====== Collected data

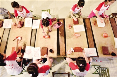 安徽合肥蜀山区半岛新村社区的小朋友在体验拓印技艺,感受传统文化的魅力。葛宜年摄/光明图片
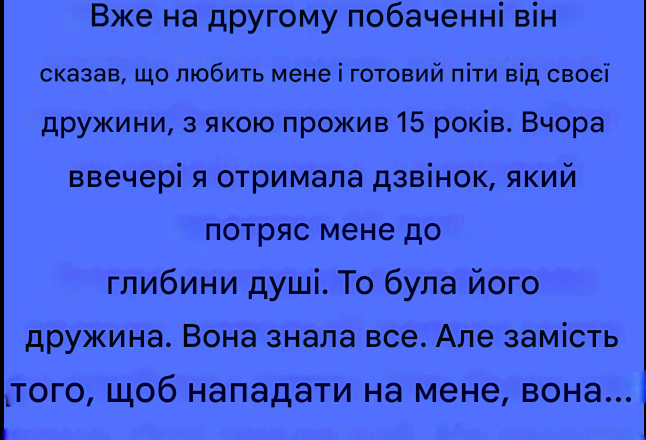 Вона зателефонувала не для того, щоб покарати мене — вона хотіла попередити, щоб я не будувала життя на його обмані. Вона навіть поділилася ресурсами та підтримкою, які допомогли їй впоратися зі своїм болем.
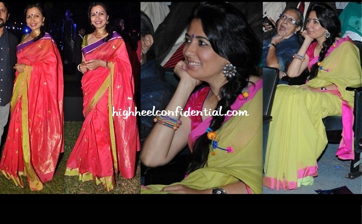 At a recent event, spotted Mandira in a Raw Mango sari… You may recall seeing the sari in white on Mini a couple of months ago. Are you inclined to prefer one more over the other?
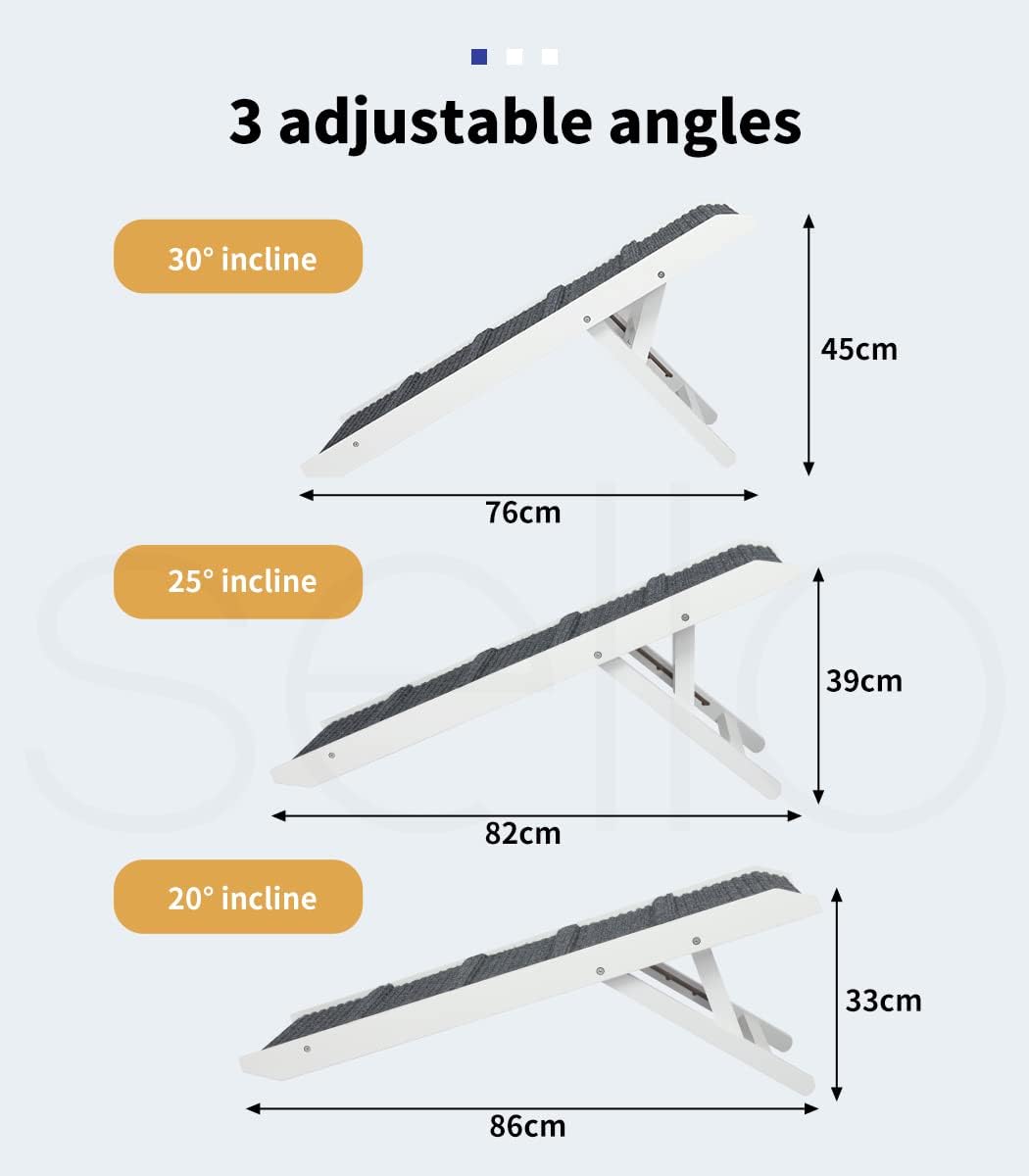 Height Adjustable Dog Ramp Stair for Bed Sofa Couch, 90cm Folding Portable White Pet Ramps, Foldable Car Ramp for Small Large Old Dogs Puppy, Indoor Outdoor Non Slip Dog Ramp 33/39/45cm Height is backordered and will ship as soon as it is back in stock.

============

Work order
The data above needs to be retyped exactly, with the images left out.

Exercise solution
 安徽合肥蜀山区半岛新村社区的小朋友在体验拓印技艺,感受传统文化的魅力。葛宜年摄/光明图片
 Вона зателефонувала не для того, щоб покарати мене — вона хотіла попередити, щоб я не будувала життя на його обмані. Вона навіть поділилася ресурсами та підтримкою, які допомогли їй впоратися зі своїм болем.
 At a recent event, spotted Mandira in a Raw Mango sari… You may recall seeing the sari in white on Mini a couple of months ago. Are you inclined to prefer one more over the other?
 Height Adjustable Dog Ramp Stair for Bed Sofa Couch, 90cm Folding Portable White Pet Ramps, Foldable Car Ramp for Small Large Old Dogs Puppy, Indoor Outdoor Non Slip Dog Ramp 33/39/45cm Height is backordered and will ship as soon as it is back in stock.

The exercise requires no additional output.